Dragon's Natural Language Commands bring to Word all the editing and formatting features of the NaturallySpeaking DragonPad. Here’s an overview of those features and a couple of examples of the verbal commands each uses:

  • Ordinary cursor control commands (Go To Top or Move Back Three Words)

  • Ordinary selection (Select Paragraph or Select Previous Three Words)

  • Through (Select <beginning text> Through <end text>)

  • Correction (Correct That or Correct <text>)

  • Insertion (Insert Before <text> or Insert After <text>)

  • Cut and paste (Copy That or Paste That)

  • Deletion (Delete That or Delete Previous Character)

Natural Language Commands for editing in Word are just what you would expect. Just say something and see if it works.

Here are some familiar ones:

  • Undo/Redo: You have the same Undo That command in Word that you have anywhere with NaturallySpeaking. (You don’t have a Redo command, but you can always say, “Press Ctrl+Y,” instead.)

  • Selection: The basic form of the command is Select <text>, where <text> is text you can see.
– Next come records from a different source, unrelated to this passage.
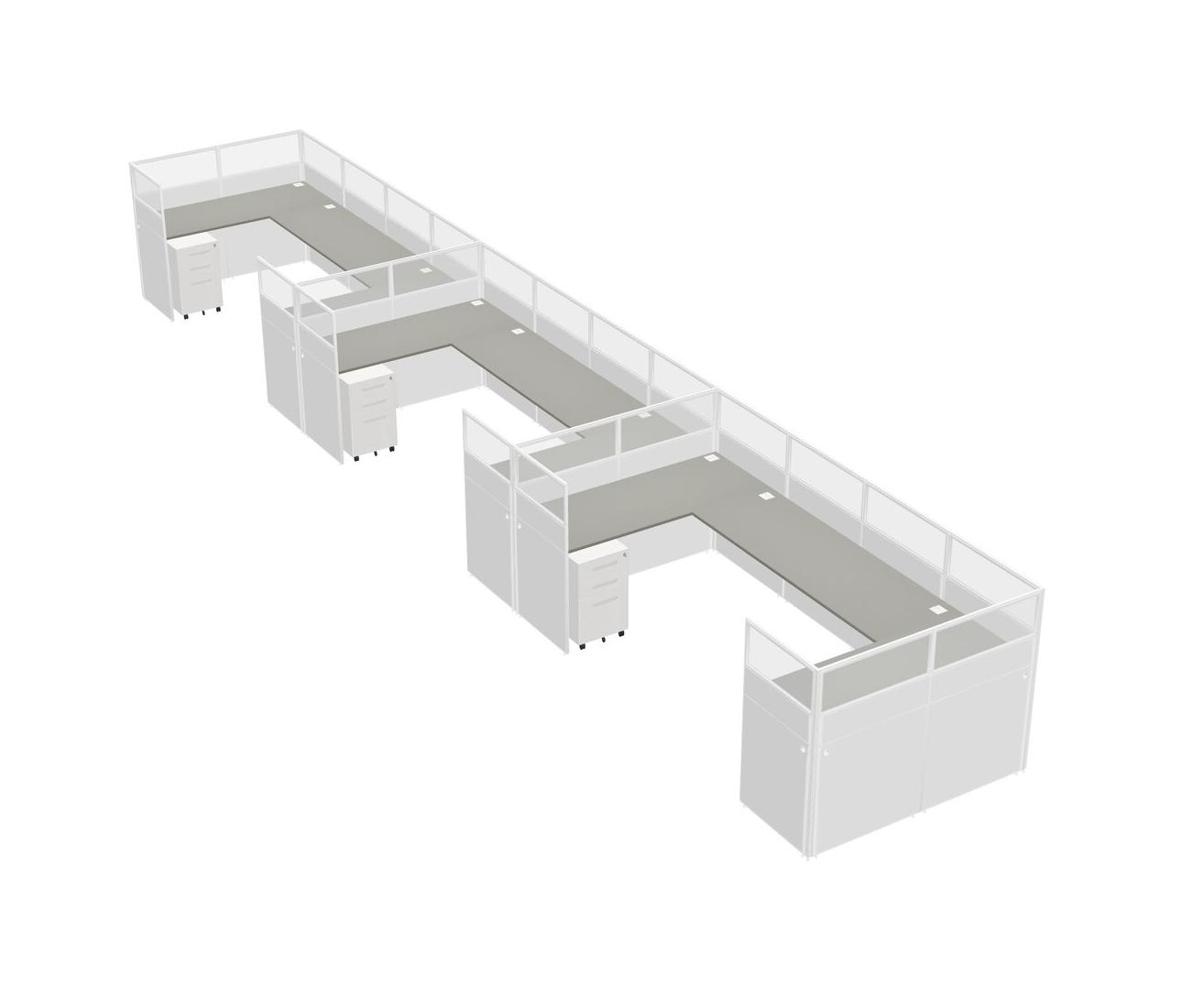 Grey Shadows U-shaped Panel System For 3 Person + Metal Mobile Drawers For 3 User(s)
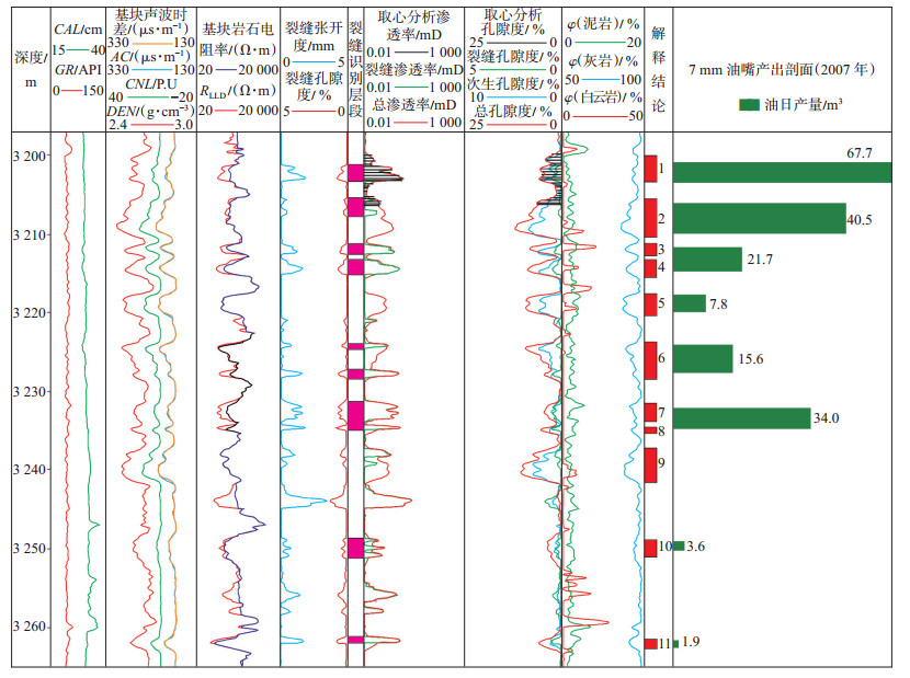 1号油层:测井解释的储层平均总孔隙度为6.1%,取心分析的孔隙度平均值为6.05%,利用本文提供的储层裂缝识别及处理方法研究表明,该段具有裂缝和孔隙共同发育的特征,且裂缝的角度以低角度缝或斜交缝为主,为典型的裂缝-孔隙型储层,解释的储层总孔隙度为6.1%,如果不考虑裂缝对储层渗透率的贡献,基岩孔隙的最大渗透率只有0.077 mD,这与取心分析的最大渗透率4.59 mD相差较大,通过储层裂缝参数的计算,储层的总渗透率最大值为4.38 mD,能够真实反映储层的渗透性能,2007年采用7 mm油嘴的产出剖面结果证实1号油层产油量为67.7 m3/d,为全井最大产量的产出层段。
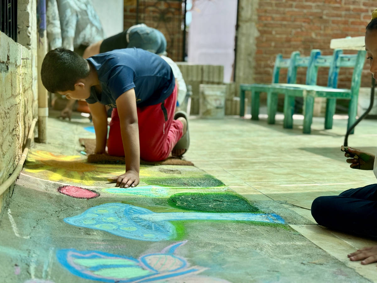 This week at kids club, our children discovered the magic of chalk art. With Teacher Alejandra’s warm guidance, they learned the story behind this beautiful art form and filled our space with bright, joyful drawings. Their ideas came alive, showing just how powerful their imaginations can be.
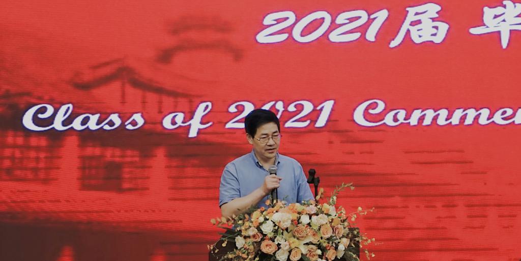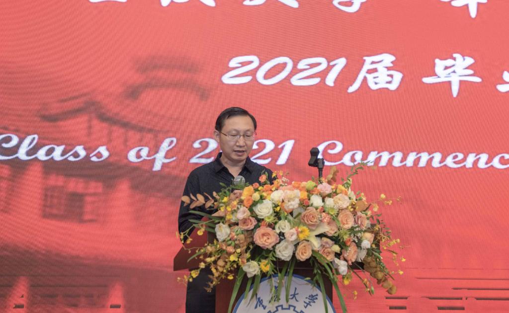 本科生院经理李正良向毕业生致辞。他寄语毕业生们,坚持终身学习,成为人格完整的人,成为人生道路上不断追求“诗和远方”的长距离竞技的王者。

You can also use Select All to select the whole document.

  • Cut, Copy, and Paste: You enjoy the same Cut That, Copy That, and Paste That commands you do elsewhere with NaturallySpeaking. Likewise, you have the Copy All command for copying the whole document.

  • Find and Replace: To use Find or Replace when in your document, you just say, “Find” or “Replace,” and the Find/Replace box opens. You can also verbally press the hotkey: Press Control F (for Find) or Press Control H (for Replace). You can also say, “Find and Replace” as a single command.

  • Go To: You can “go to” places (move the cursor) just as you can in any other application served by NaturallySpeaking. The commands include such favorites as Go To Top, Go To Bottom, and Go Back Three Paragraphs.

A convenient way to go to a specific phrase is to use a Full Text Control command. First, say, “Select <phrase> (substituting your word or phrase for <phrase>), then say “Move Right One/ Move left one.” Your cursor is now positioned just after that phrase.

One of the best editing features of Natural Language Commands has nothing to do with the Edit menu. It’s the Move That command. With Move That, you can select text and then say, “Move that down two paragraphs,” for instance.

You can replace the word That with a reference to any number of words, lines, paragraphs, sections, or pages. For instance, you can say, “Move next three paragraphs to bottom of document” or “Move previous three lines up one paragraph.”